Armed Men Take Nigerian Journalist Segun Olatunji From Lagos Home

By Committee To Protect Journalists

Photos: First News

Abuja, March 21, 2024—The Nigerian military should swiftly and publicly account for the whereabouts of First News editor Segun Olatunji, who was taken by armed men identifying themselves as officers with the army, disclose any charges against him, and ensure his safety, said the Committee to Protect Journalists on Thursday.

On March 15, around 15 armed men in two unmarked vans arrived at Olatunji’s home in Alagbado, a community in Nigeria’s western Lagos state. The men, two of whom wore military-style uniforms, introduced themselves as officers of the Nigerian army and forced Olatunji to come with them without explanation, according to media reports and Olatunji’s wife Abiodun Oluwakemi, who spoke to CPJ by phone. Oluwakemi added that she pleaded with the men not to take her husband.

A First News report following Olatunji’s arrest speculated that the journalist may have been taken in response to a February 29 report by the privately owned online news site that accused an official working with the Nigeria Defence Intelligence Agency (DIA), which serves under Nigeria’s Ministry of Defence, of failing to fairly allocate public contracts. First News publisher Daniel Iworiso-Markson also told CPJ that Olatunji had recently removed a story from the site about how a popular contractor used by public officials had allegedly diverted government funds. The story was taken down after Olatunji received calls from people who described the report as problematic. Iworiso-Markson told CPJ that he did not have any details about the people who called Olatunji about the story.

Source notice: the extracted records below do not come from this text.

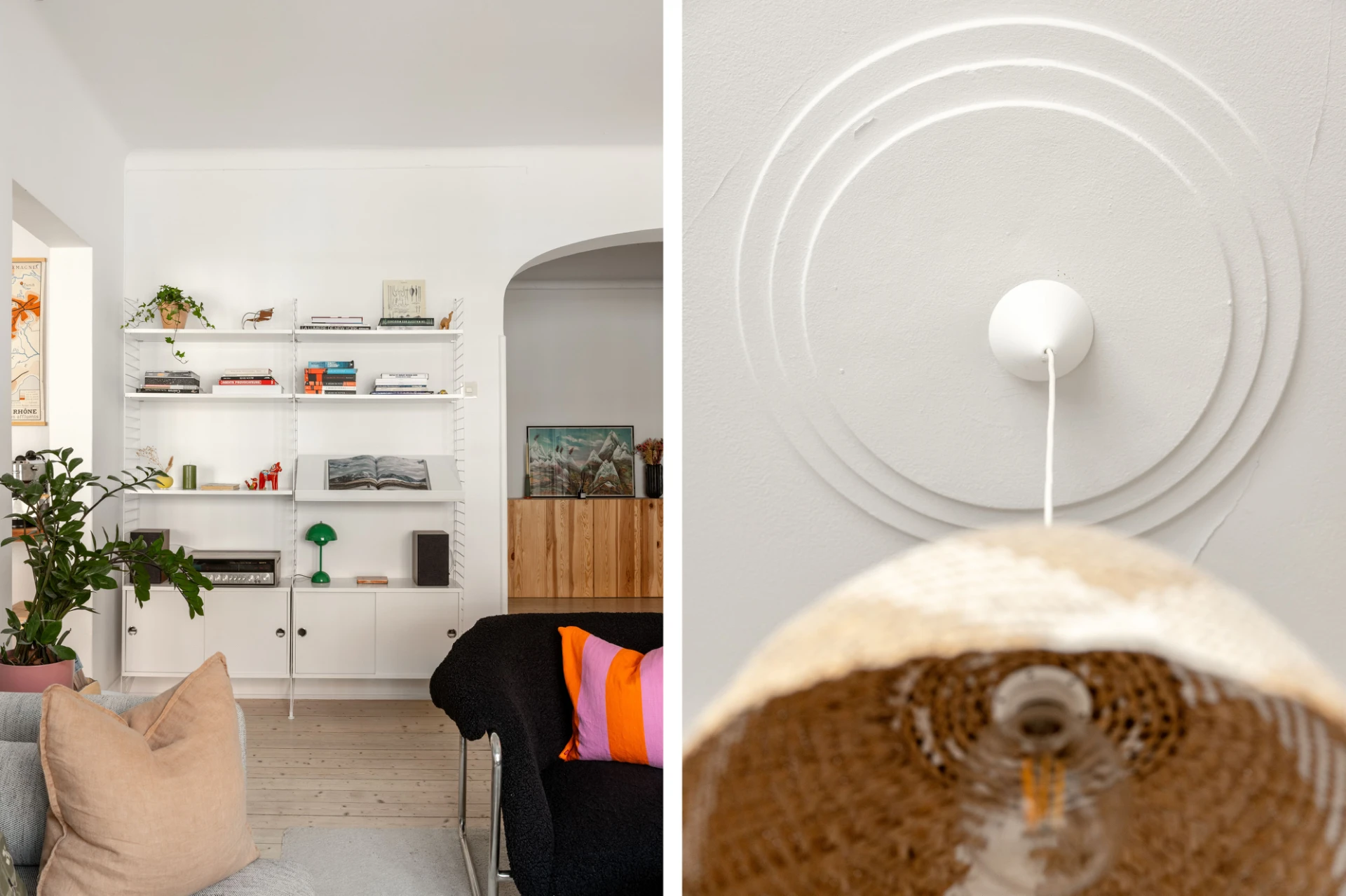 Brädgolv och vita väggar. I taket finns en vacker lamprosett.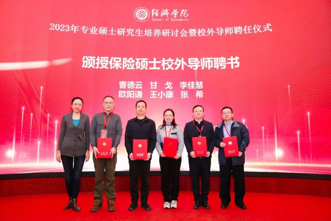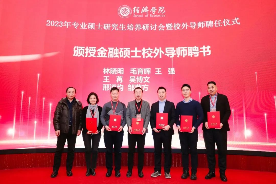 在聘任仪式上,英国威廉希尔公司官网金融专业硕士项目主任王一鸣、保险专业硕士项目主任刘新立、税务专业硕士项目主任蒋云赟、国际商务专业硕士项目主任吴群锋、党委副书记宋芳秀等老师为新聘及续聘的校外导师颁发聘书。
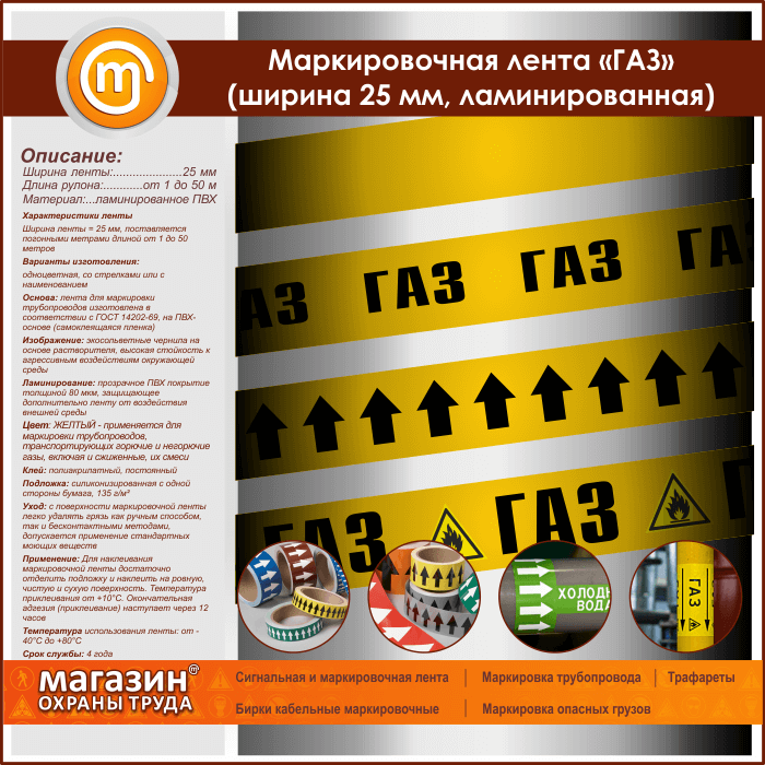 Маркировочная лента «ГАЗ» (ширина 25 мм, самоклеящаяся плёнка с ламинированием) в Кашире купить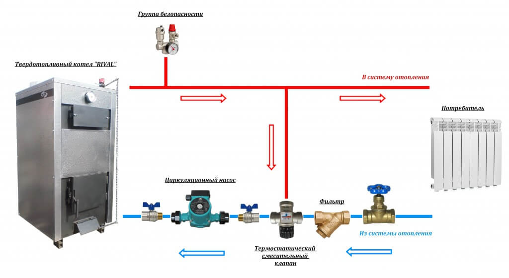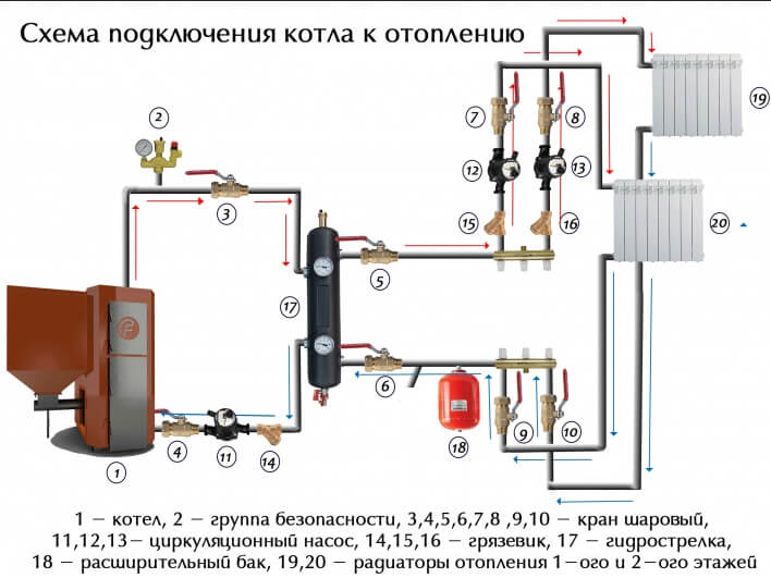 Все что находится между оборудованием и батареями называют обвязкой напольного газового котла, основными элементами являются: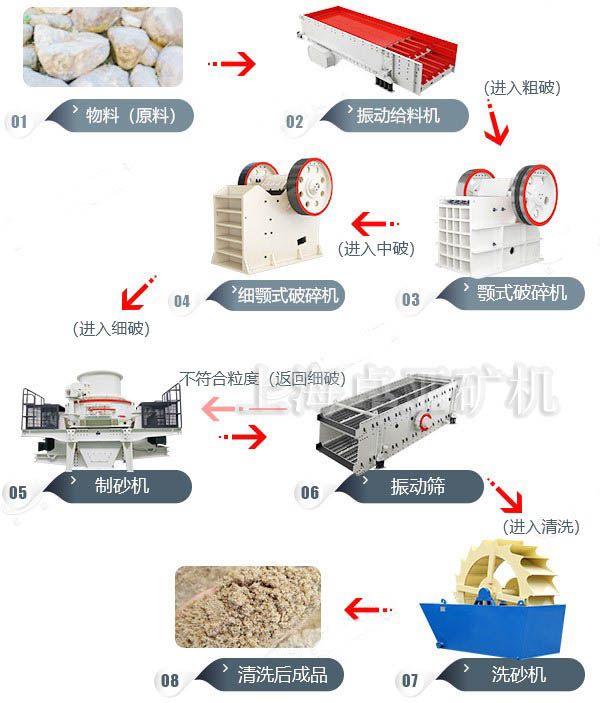 一般砂石廠的生產流程為料倉——給料——破碎——製砂(shā)(整(zhěng)形)——篩分——洗砂——砂石成品,各流程間(jiān)由輸送機(jī)連接,因(yīn)此砂石(shí)廠需要的生產設備主要包(bāo)括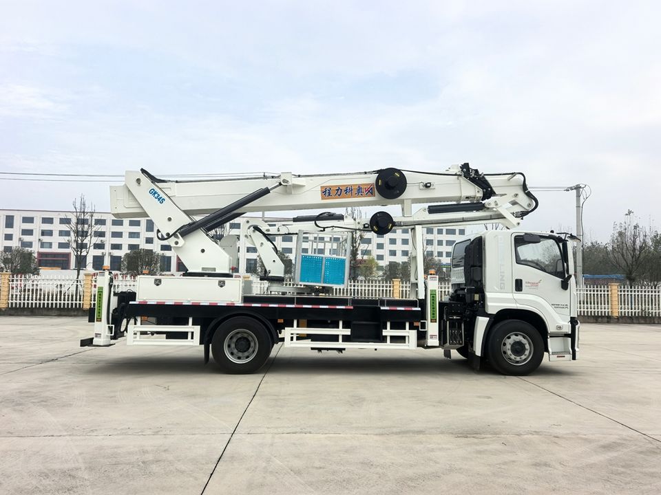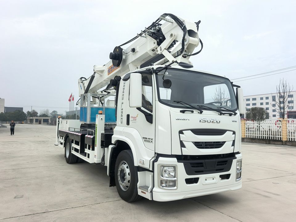 รถบรรทุกติดตั้งแท่นยกคนและสินค้า ISUZU Giga 45 เมตร รุ่นที่สูงสุด พร้อมบูมยืดหดได้ 8 ท่อน สำหรับยกคนและสินค้าสูงพิเศษ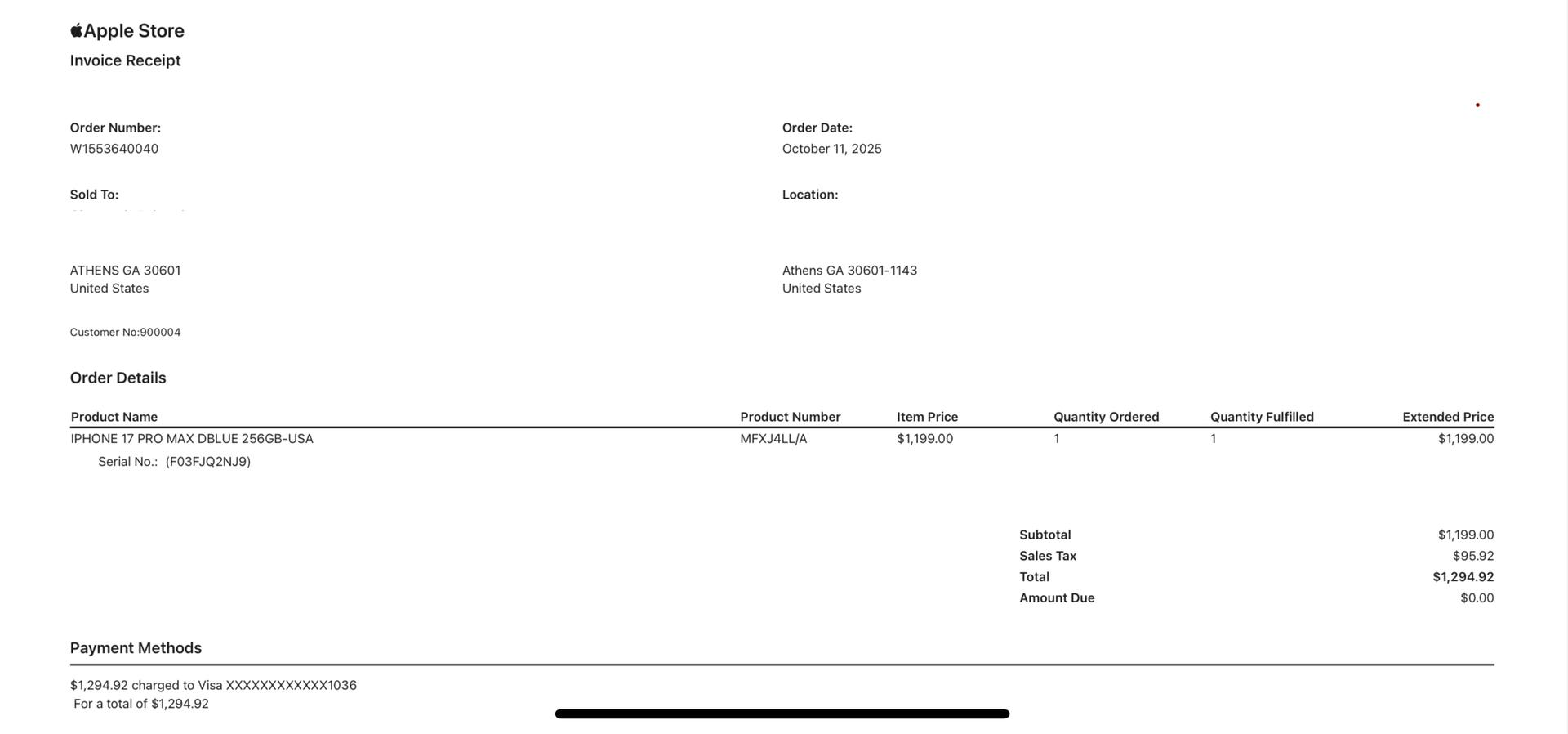 - Seller ships from Athens, GA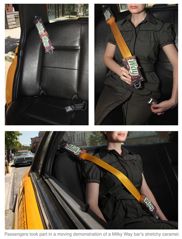 Milky Way: ремень безопасности. Пассажиры приняли участие в подвижной демонстрации тянущейся карамели Milky Way. BBDO New York, USA.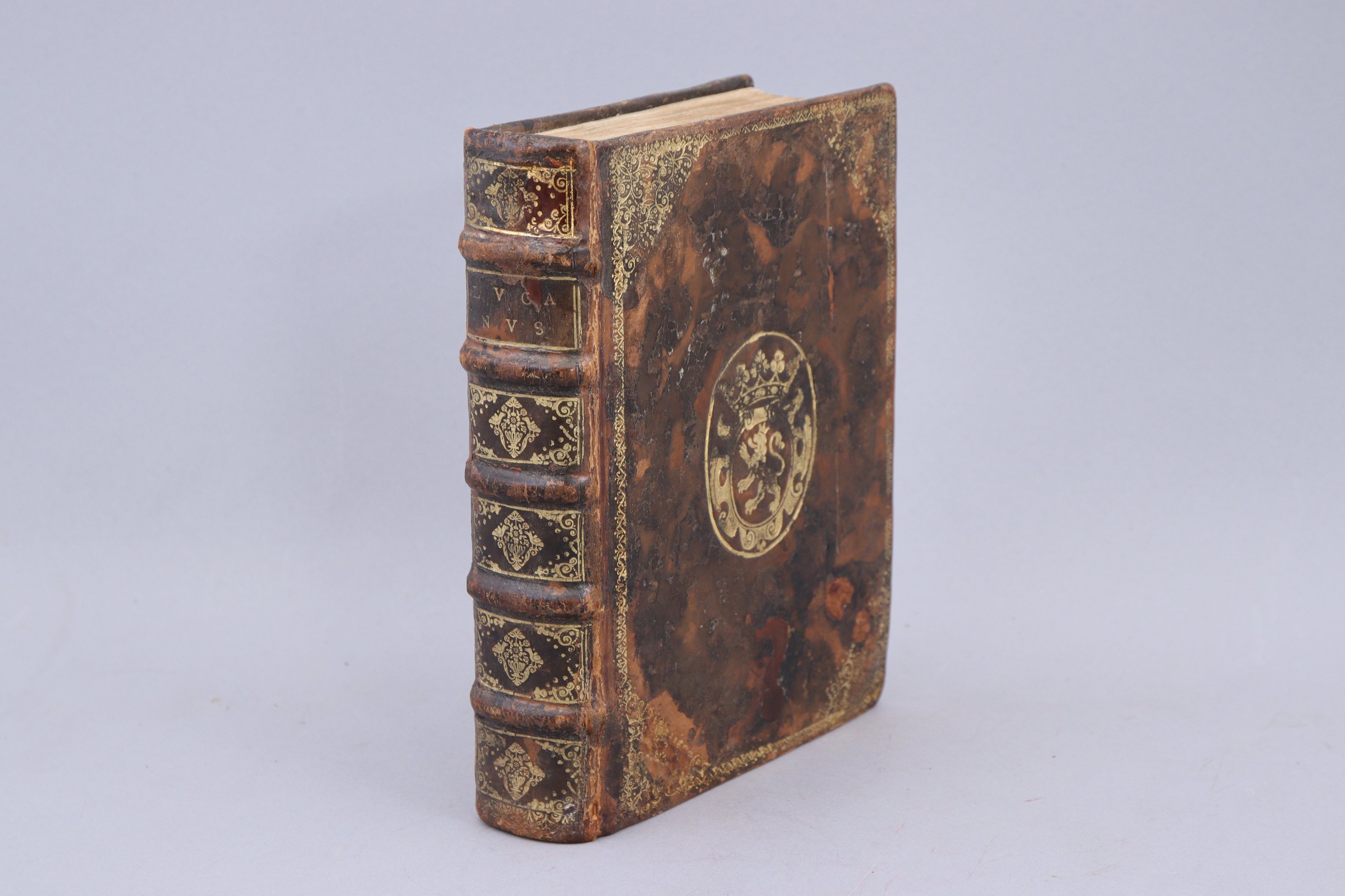 In-4°, (16 ff) 285 feuillets. Plein veau fin XVIIème, décor aux petits fers dans les angles, armes de Poitiers au centre des plats, toutes tranches dorées. Parfait état intérieur(Reliure tavelée)..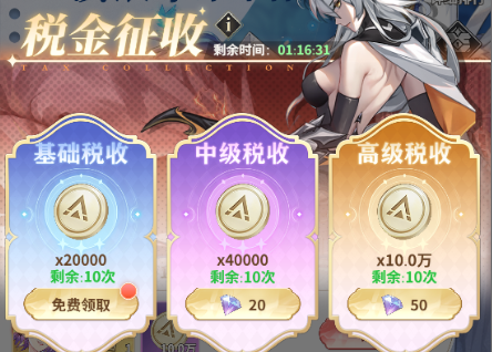 第一周的决战新服中的税收好礼一定是要拉满,后期升级装备以及升级武姬都需要大量的金币,钻石税收10次也是只有第一周才有。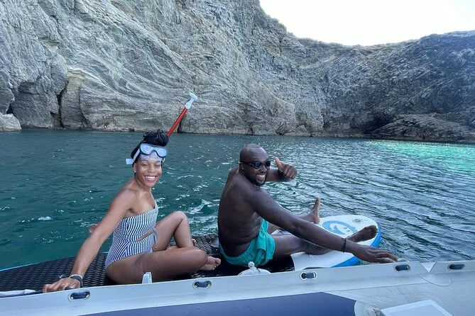 Dein Tag umfasst die private Nutzung eines 35-Fuß-Boots mit Toilette, Treibstoff inklusive, zwei Paddleboards und Schnorchelausrüstung vom lokalen Team – alles ab Cala Jondal mit Rückkehr nach Erkundung der Südküste Ibizas und Formentera. Bring dein eigenes Essen mit oder probiere eine Strandbar vor Ort; Flexibilität gehört dazu.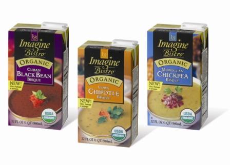 'Imagine Bistro Organic' es una gama de sopas para el mercado estadounidense que se llenan en envases de cartón asépticos de Foodswing. El envase lleva la etiqueta 'USDA Organic' (foto: Imagine - Organic), garantía de que se cumple con las normas nacionales obligatorias desarrolladas por el Departamento de Agricultura de los EE.UU para productos agrícolas producidos orgánicamente. Los productos que presentan esta etiqueta proceden de granjas y negocios que han sido aprobados conforme a estas normas para un cultivo y procesamiento orgánicos.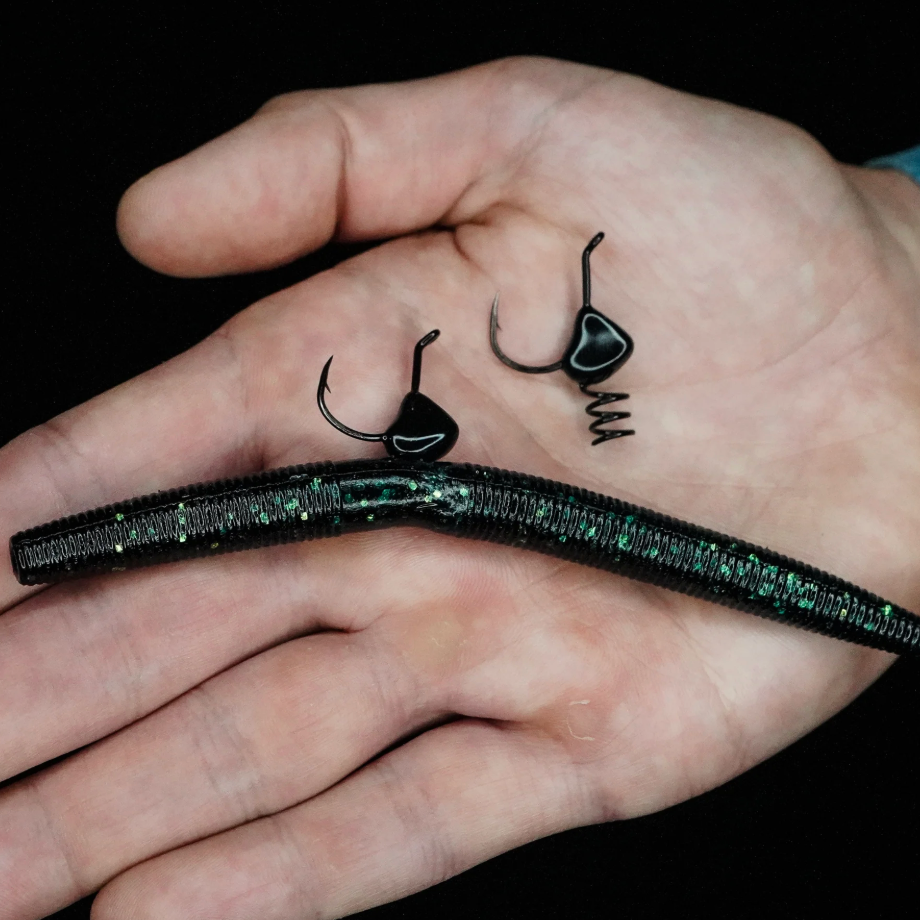 The Wacky Shot enhances your soft plastic’s movement with strategic weight placement for faster fall and more vibration. Its custom hitchhiker keeps the worm secure and increases hook gap — no O-rings or tubing needed.

“Olatunji’s arrest by armed men identifying themselves as officers with the Nigerian army is totally unacceptable. Nigerian authorities must ensure his safety and swiftly clarify the reasons for his detention,” said CPJ Africa Program Head Angela Quintal in New York. “The seizure of journalists from their homes is behavior reminiscent of an era in Nigerian history when the military ran the country and has no place in a modern democracy.”

Oluwakemi told CPJ that on March 12, three days before he was taken, armed men approached a local security guard and showed him a photo of Olatunji, asking for his whereabouts. When the guard could not provide sufficient details, the men instructed him to use his phone to call a number they provided. The number connected to Oluwakemi’s phone, and the guard asked her questions about admission to a local university, which made no sense, Oluwakemi added.

Oluwakemi said she was confused and bothered by the call and, after contacting him again, learned from the security guard that the armed men had followed him over the days between making him place the call and Olatunji being taken.

On March 18, Oluwakemi and Iworiso-Markson told CPJ by phone that they tried to locate the Olatunji at police stations and contacted friends and colleagues in various military offices across the state—even within Nigeria’s capital, Abuja, without success. Olatunji’s phone, which he had when the men took him, also appeared to have been turned off.

On March 19, Oluwakemi said she went to the local office of Nigeria’s State Security Service (SSS), also known by the acronym DSS. Officers there allowed her to enter the building in search of Olatunji, but she did not find him.

CPJ called and texted Lagos police spokesperson Benjamin Hundeyin but received no response. However, Iworiso-Markson told CPJ via messaging app on March 19 that the federal police force confirmed that they had begun investigating the matter.

CPJ called the number listed on the Nigerian army’s Facebook page, but an automated response said, “the called number does not have the facility to receive calls.” CPJ’s calls to Nigerian army spokesperson Onyema Nwachukwu rang unanswered.

Over the days since Olatunji was taken, the Nigerian Guild of Editors, the Nigeria Union of Journalists, and the Human Rights Writers Association of Nigeria (HURIWA) each issued statements of concern over the journalist.